In the Linux kernel, the following vulnerability has been resolved:
thermal: core: Address thermal zone removal races with resume
Since thermal_zone_pm_complete() and thermal_zone_device_resume()
re-initialize the poll_queue delayed work for the given thermal zone,
the cancel_delayed_work_sync() in thermal_zone_device_unregister()
may miss some already running work items and the thermal zone may
be freed prematurely [1].
There are two failing scenarios that both start with
running thermal_pm_notify_complete() right before invoking
thermal_zone_device_unregister() for one of the thermal zones.
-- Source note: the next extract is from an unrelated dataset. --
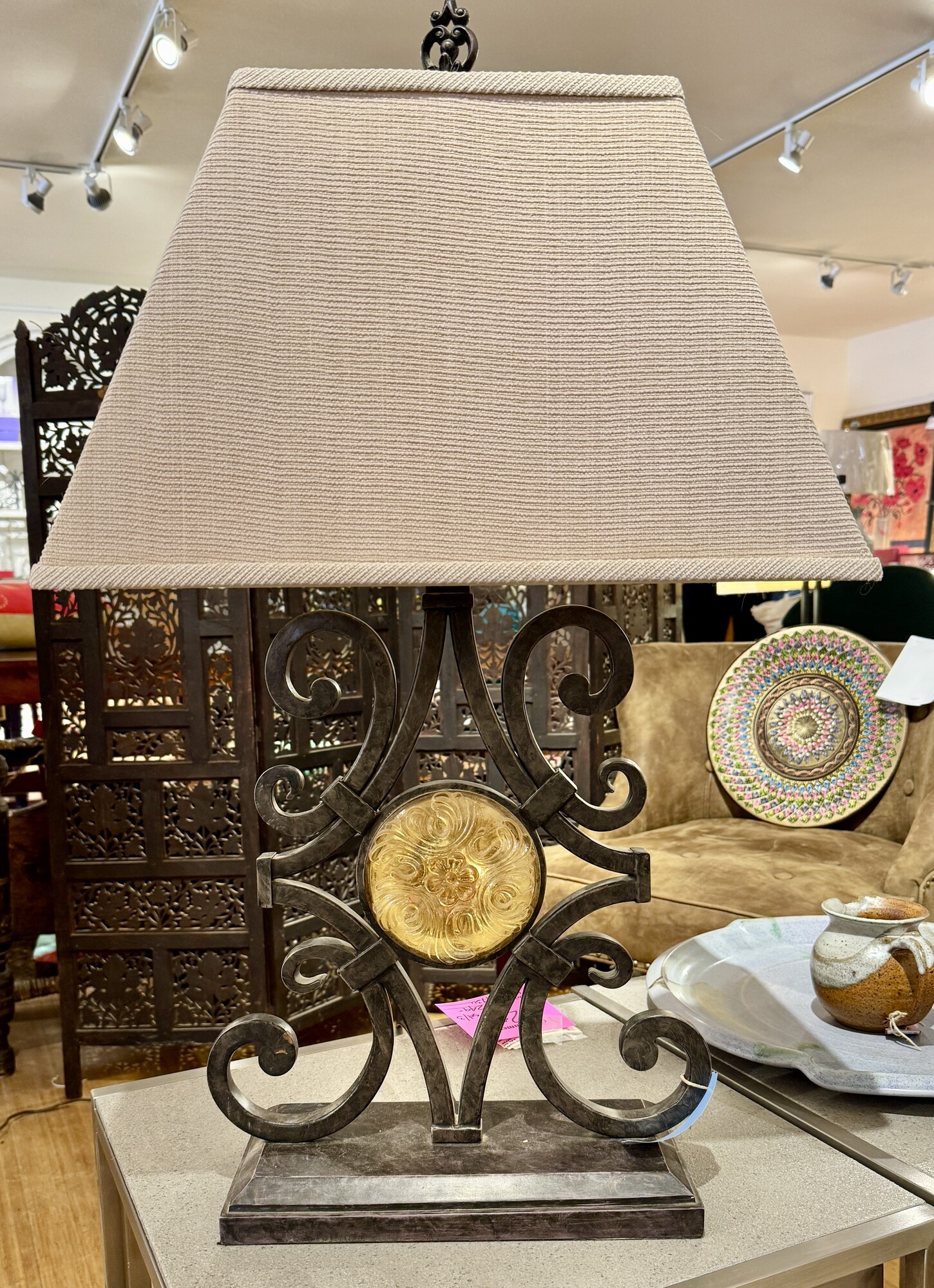 Lamp Table Scrolled, Iron & Glass Medallion,

In the first scenario, there is a work item already running for
the given thermal zone when thermal_pm_notify_complete() calls
thermal_zone_pm_complete() for that thermal zone and it continues to
run when thermal_zone_device_unregister() starts. Since the poll_queue
delayed work has been re-initialized by thermal_pm_notify_complete(), the
running work item will be missed by the cancel_delayed_work_sync() in
thermal_zone_device_unregister() and if it continues to run past the
freeing of the thermal zone object, a use-after-free will occur.
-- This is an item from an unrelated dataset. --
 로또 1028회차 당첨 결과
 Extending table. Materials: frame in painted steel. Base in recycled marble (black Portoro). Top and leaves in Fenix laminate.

In the second scenario, thermal_zone_device_resume() queued up by
thermal_pm_notify_complete() runs right after the thermal_zone_exit()
called by thermal_zone_device_unregister() has returned. The poll_queue
delayed work is re-initialized by it before cancel_delayed_work_sync() is
called by thermal_zone_device_unregister(), so it may continue to run
after the freeing of the thermal zone object, which also leads to a
use-after-free.
Address the first failing scenario by ensuring that no thermal work
items will be running when thermal_pm_notify_complete() is called.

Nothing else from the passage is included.